» **ACTIVITY**
Only the lines below from the one with "Het is daarom" through the one with "Rope woven pendant" are to be written out, exactly and without any images.

» **DATA FOR ANALYSIS**
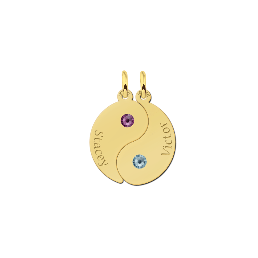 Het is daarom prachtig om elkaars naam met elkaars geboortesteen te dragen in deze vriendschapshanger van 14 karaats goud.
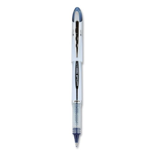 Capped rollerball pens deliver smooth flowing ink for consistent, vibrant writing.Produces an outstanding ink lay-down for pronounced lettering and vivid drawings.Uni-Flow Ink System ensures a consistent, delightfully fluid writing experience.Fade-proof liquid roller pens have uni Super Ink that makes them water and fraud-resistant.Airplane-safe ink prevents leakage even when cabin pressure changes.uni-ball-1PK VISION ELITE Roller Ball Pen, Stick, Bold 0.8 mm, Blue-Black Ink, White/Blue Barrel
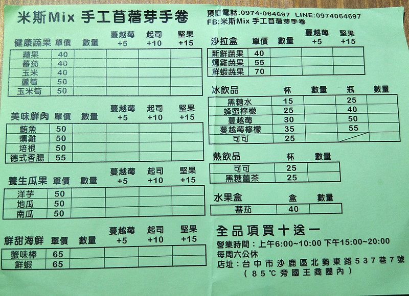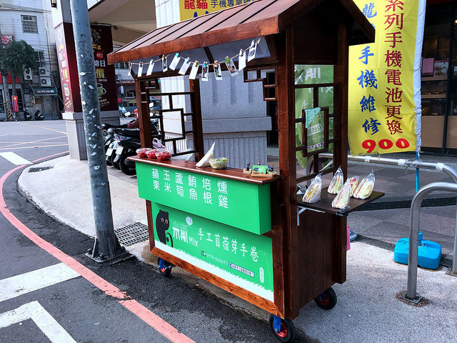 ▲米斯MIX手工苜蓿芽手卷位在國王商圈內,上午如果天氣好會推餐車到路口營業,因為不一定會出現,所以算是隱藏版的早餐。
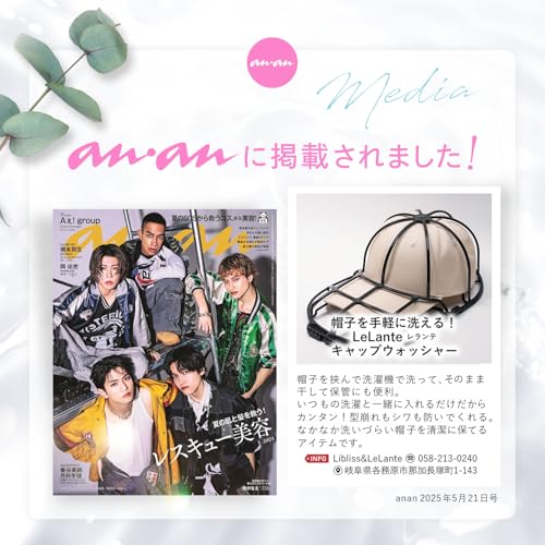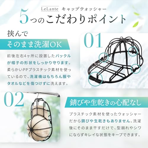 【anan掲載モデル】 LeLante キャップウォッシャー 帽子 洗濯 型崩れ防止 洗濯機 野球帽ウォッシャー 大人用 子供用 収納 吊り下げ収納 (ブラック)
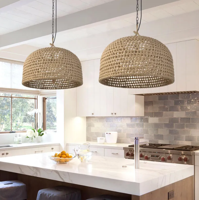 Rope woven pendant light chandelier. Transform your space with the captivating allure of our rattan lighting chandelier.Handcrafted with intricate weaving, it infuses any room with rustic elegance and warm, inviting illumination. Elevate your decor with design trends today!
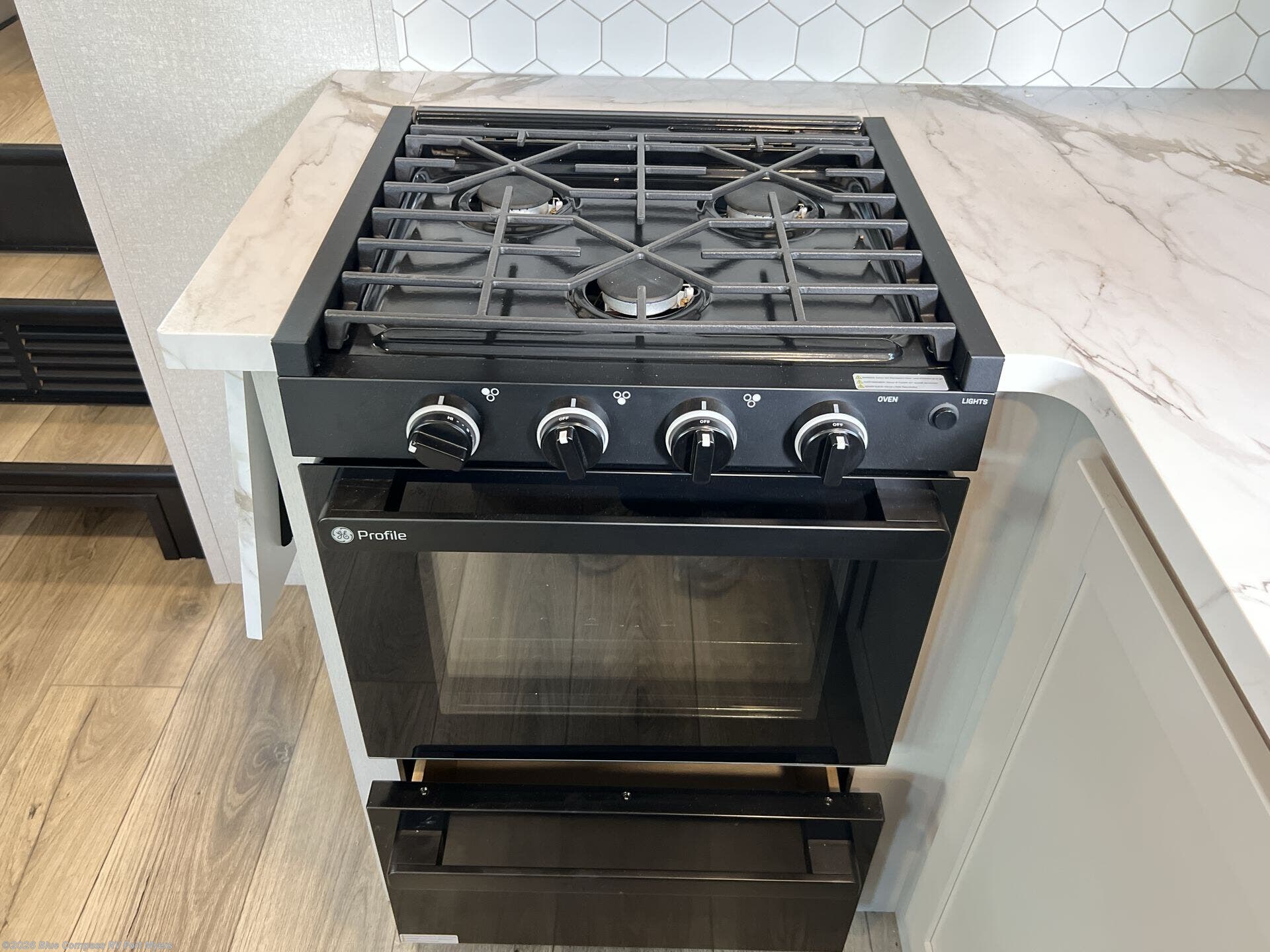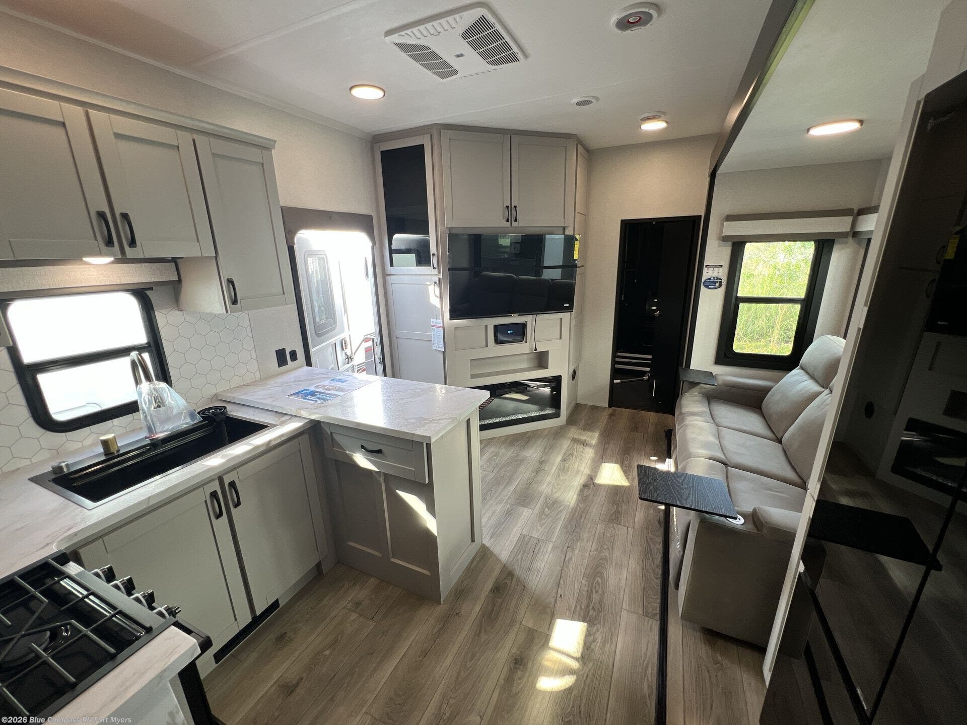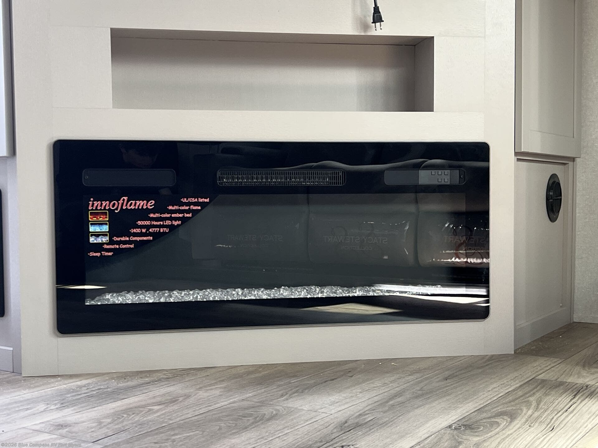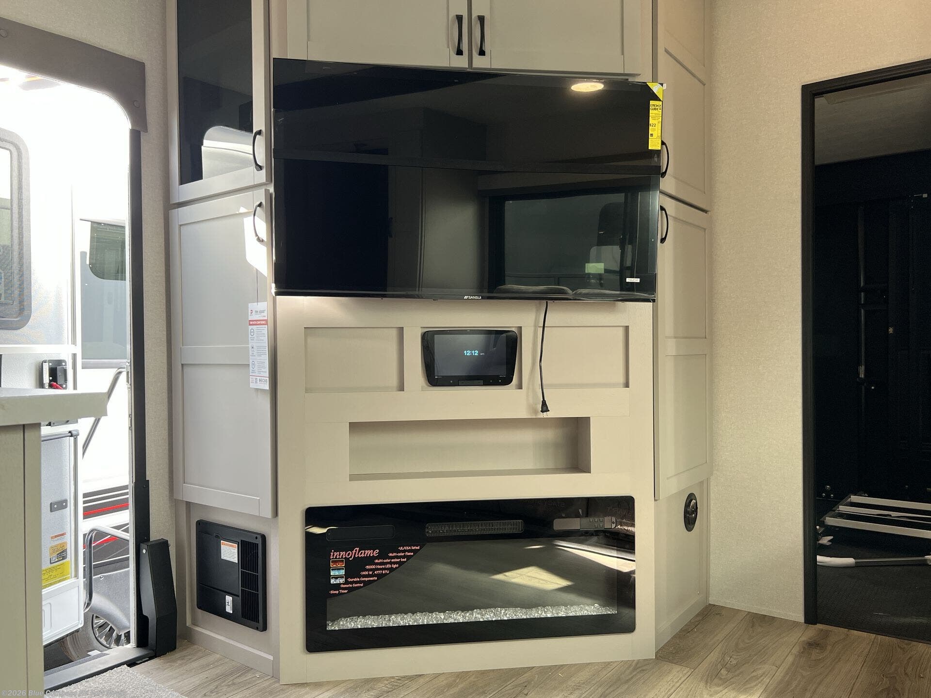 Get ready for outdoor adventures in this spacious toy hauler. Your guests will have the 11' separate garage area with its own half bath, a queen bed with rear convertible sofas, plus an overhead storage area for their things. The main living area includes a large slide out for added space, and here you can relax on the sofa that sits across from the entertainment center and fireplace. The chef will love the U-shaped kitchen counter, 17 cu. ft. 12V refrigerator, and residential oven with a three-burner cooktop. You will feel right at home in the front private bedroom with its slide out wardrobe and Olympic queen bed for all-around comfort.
...
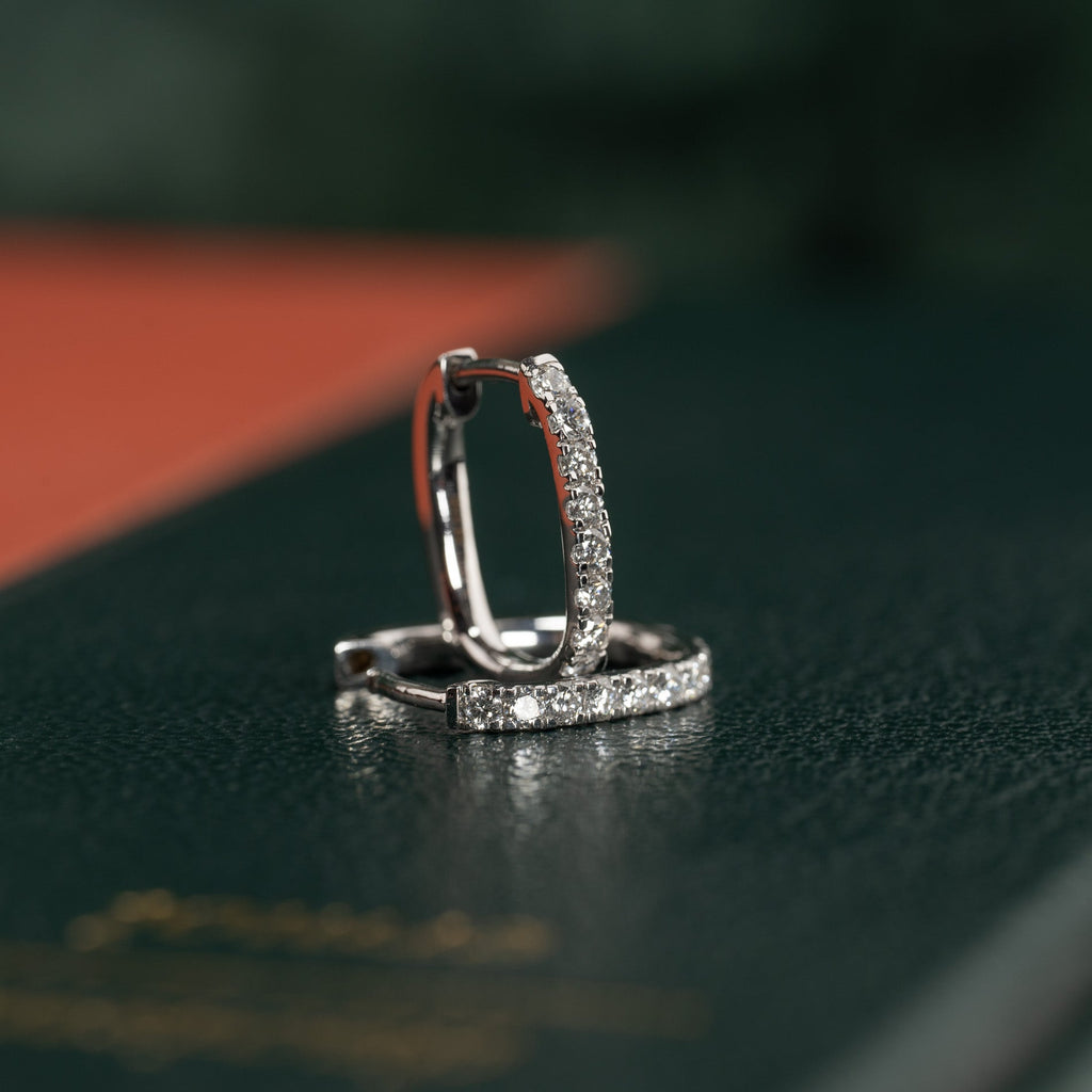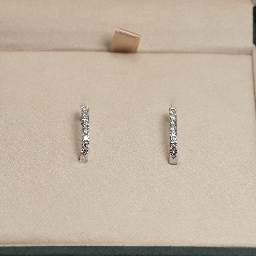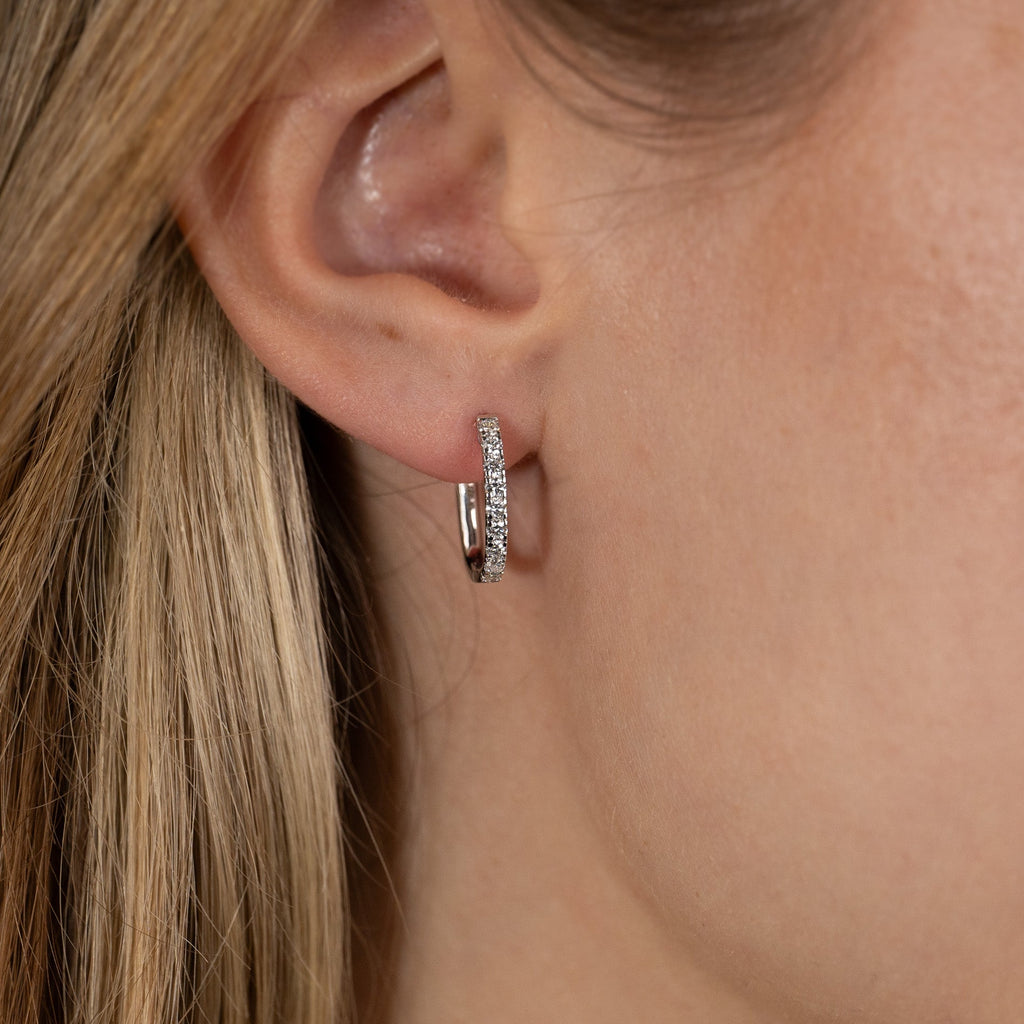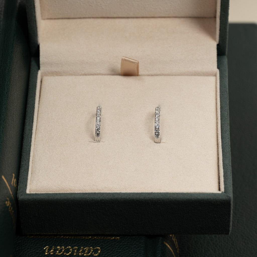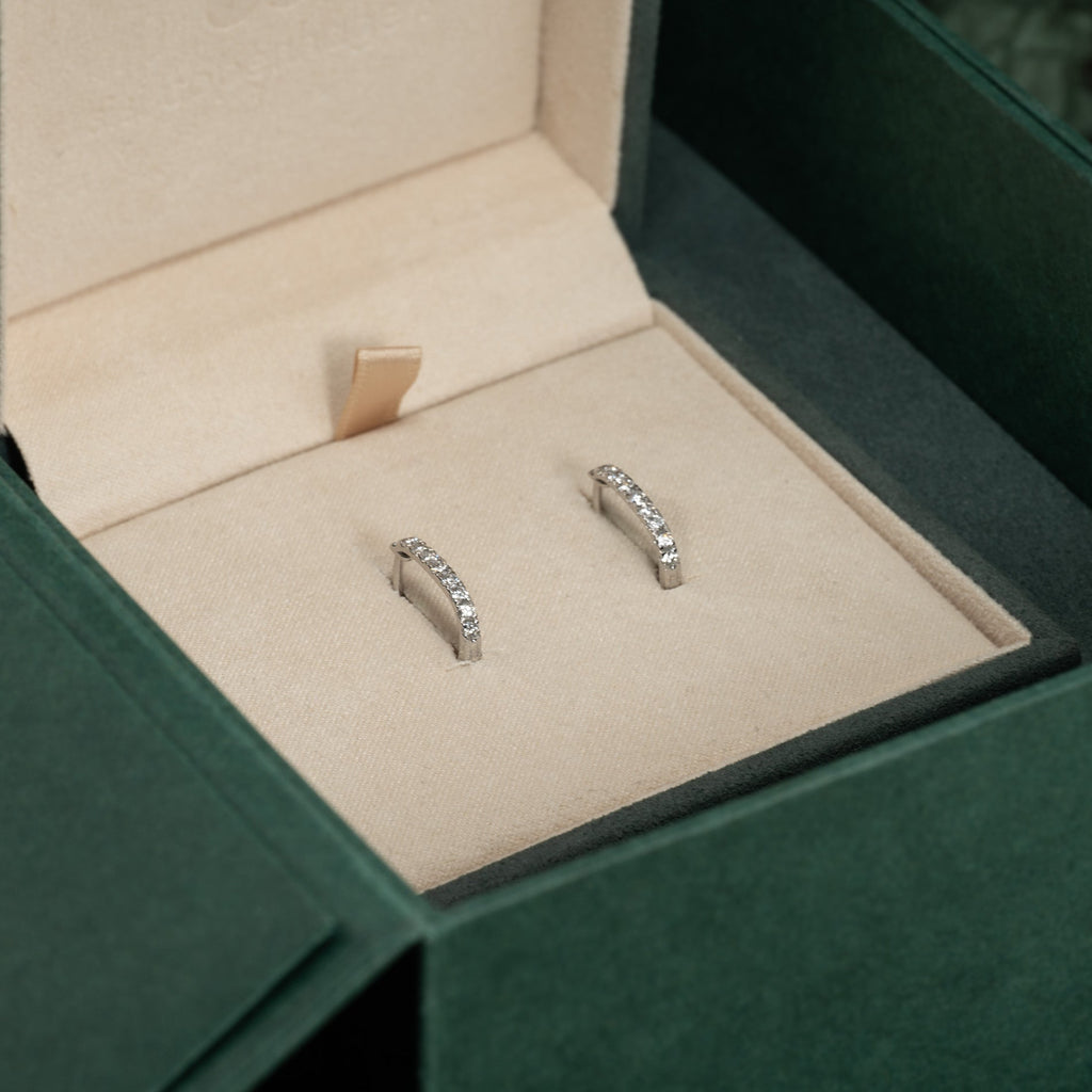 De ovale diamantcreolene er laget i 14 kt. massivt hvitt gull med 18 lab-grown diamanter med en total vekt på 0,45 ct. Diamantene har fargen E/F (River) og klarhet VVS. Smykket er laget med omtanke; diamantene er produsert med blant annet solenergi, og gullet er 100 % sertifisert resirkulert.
==
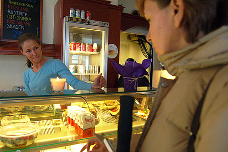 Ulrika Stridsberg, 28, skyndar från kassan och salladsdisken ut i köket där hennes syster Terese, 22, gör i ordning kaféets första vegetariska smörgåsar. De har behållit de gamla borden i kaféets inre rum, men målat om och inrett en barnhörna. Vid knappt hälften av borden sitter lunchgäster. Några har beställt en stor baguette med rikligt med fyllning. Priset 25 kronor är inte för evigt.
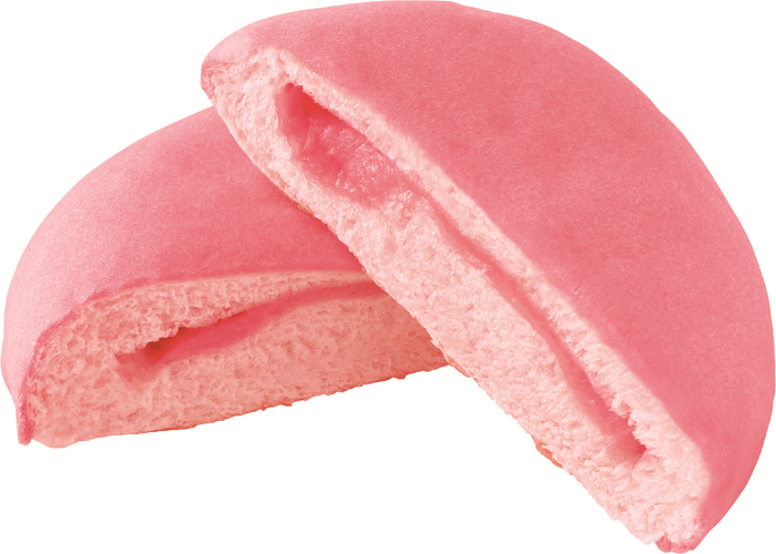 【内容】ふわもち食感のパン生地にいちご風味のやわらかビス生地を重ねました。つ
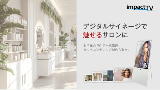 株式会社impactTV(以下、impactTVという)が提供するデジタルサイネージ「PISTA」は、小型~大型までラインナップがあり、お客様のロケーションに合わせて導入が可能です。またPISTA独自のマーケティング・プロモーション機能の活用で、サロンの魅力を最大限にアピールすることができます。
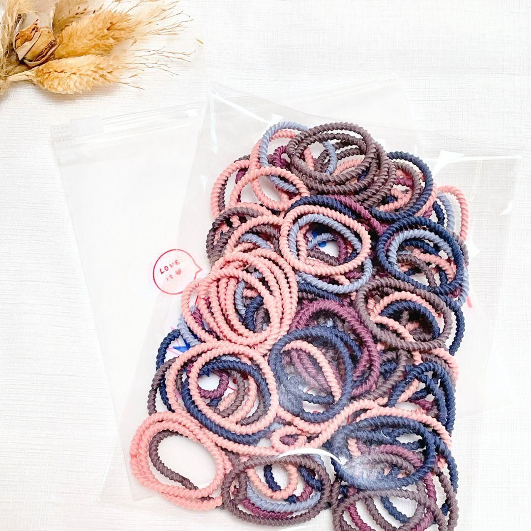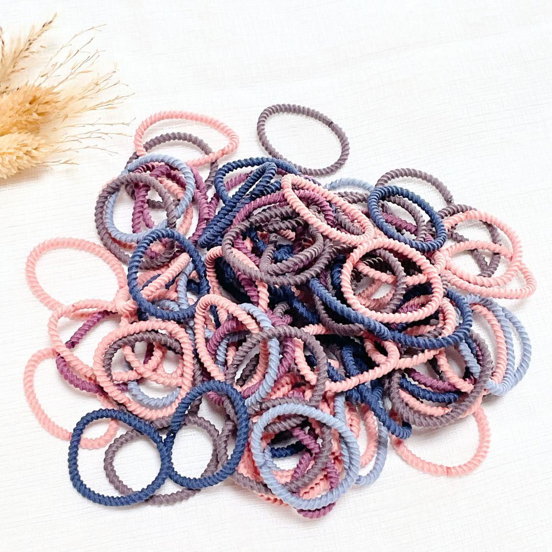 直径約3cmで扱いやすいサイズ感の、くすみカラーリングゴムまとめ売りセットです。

» **ANSWER BELOW**
 Het is daarom prachtig om elkaars naam met elkaars geboortesteen te dragen in deze vriendschapshanger van 14 karaats goud.
 Capped rollerball pens deliver smooth flowing ink for consistent, vibrant writing.Produces an outstanding ink lay-down for pronounced lettering and vivid drawings.Uni-Flow Ink System ensures a consistent, delightfully fluid writing experience.Fade-proof liquid roller pens have uni Super Ink that makes them water and fraud-resistant.Airplane-safe ink prevents leakage even when cabin pressure changes.uni-ball-1PK VISION ELITE Roller Ball Pen, Stick, Bold 0.8 mm, Blue-Black Ink, White/Blue Barrel
 ▲米斯MIX手工苜蓿芽手卷位在國王商圈內,上午如果天氣好會推餐車到路口營業,因為不一定會出現,所以算是隱藏版的早餐。
 【anan掲載モデル】 LeLante キャップウォッシャー 帽子 洗濯 型崩れ防止 洗濯機 野球帽ウォッシャー 大人用 子供用 収納 吊り下げ収納 (ブラック)
 Rope woven pendant light chandelier. Transform your space with the captivating allure of our rattan lighting chandelier.Handcrafted with intricate weaving, it infuses any room with rustic elegance and warm, inviting illumination. Elevate your decor with design trends today!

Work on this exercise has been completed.